* Required action
Your answer must be the listing repeated word for word, without its pictures.
═══ Dataset content
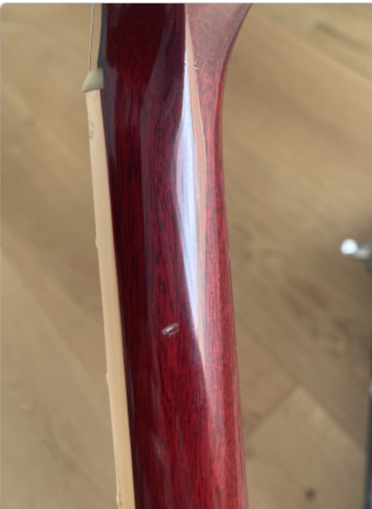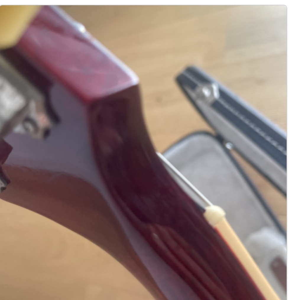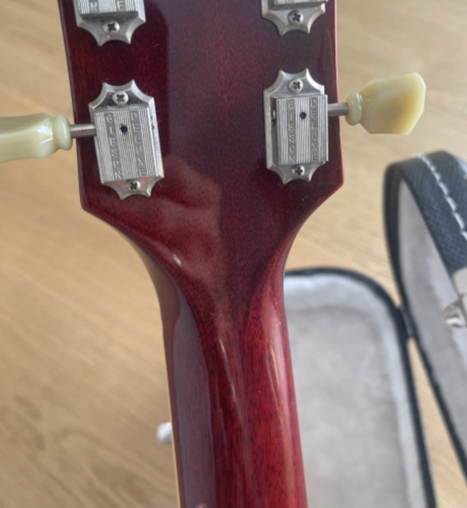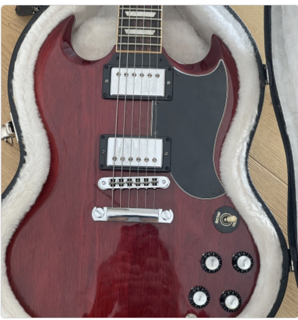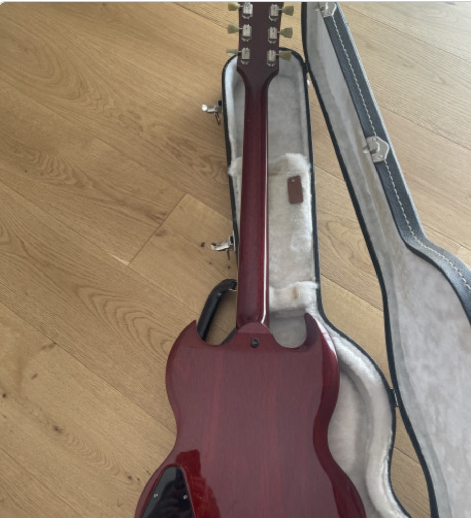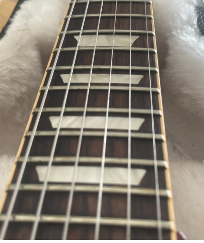 El la compró con la pala reparada en 2019 y está perfecta tanto a nivel estético como funcional. Doy fe de ello. Una SG espectacular a precio de derribo. Ajustada con 10-46 y cejuela de hueso. Va con su estuche original y sus papeles.
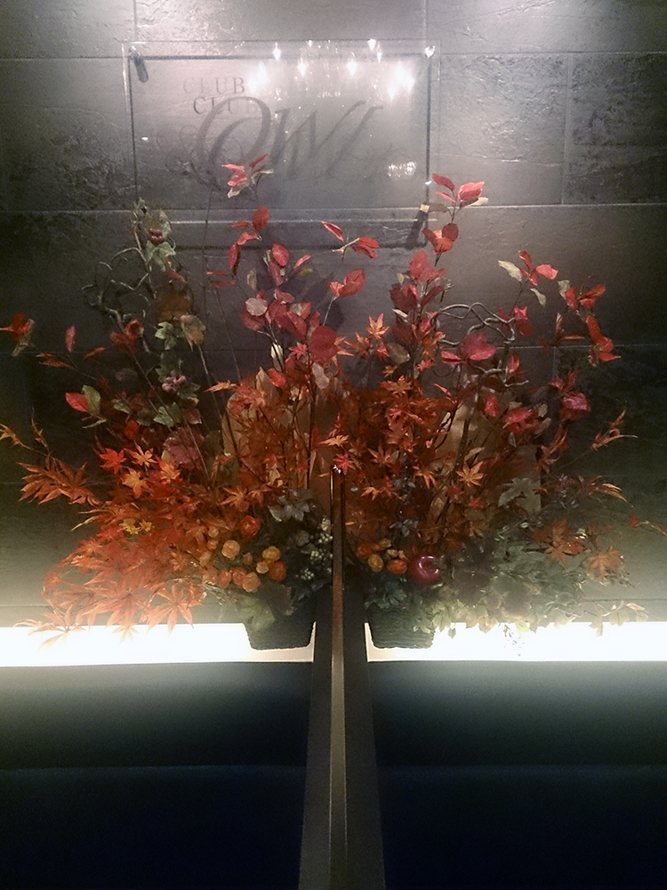 作品番号SET-416 設置場所 都内 クラブ サイズ(花器含む) オブジェ・大型 高さ100cm程度 横幅120cm程度 主な花材 紅葉、オータムバーチリーフ、ツイッグ ※アレンジはすべてスタジオ理佳オリジナルデザインです。
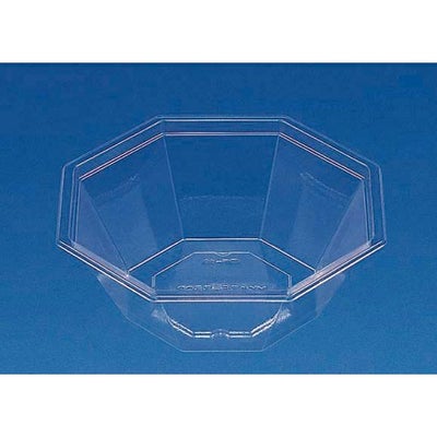 商品の特徴:八角形状のクリア容器。サラダ、スイーツ、惣菜と汎用性抜群。
══════
* Answer below
 El la compró con la pala reparada en 2019 y está perfecta tanto a nivel estético como funcional. Doy fe de ello. Una SG espectacular a precio de derribo. Ajustada con 10-46 y cejuela de hueso. Va con su estuche original y sus papeles.
 作品番号SET-416 設置場所 都内 クラブ サイズ(花器含む) オブジェ・大型 高さ100cm程度 横幅120cm程度 主な花材 紅葉、オータムバーチリーフ、ツイッグ ※アレンジはすべてスタジオ理佳オリジナルデザインです。
 商品の特徴:八角形状のクリア容器。サラダ、スイーツ、惣菜と汎用性抜群。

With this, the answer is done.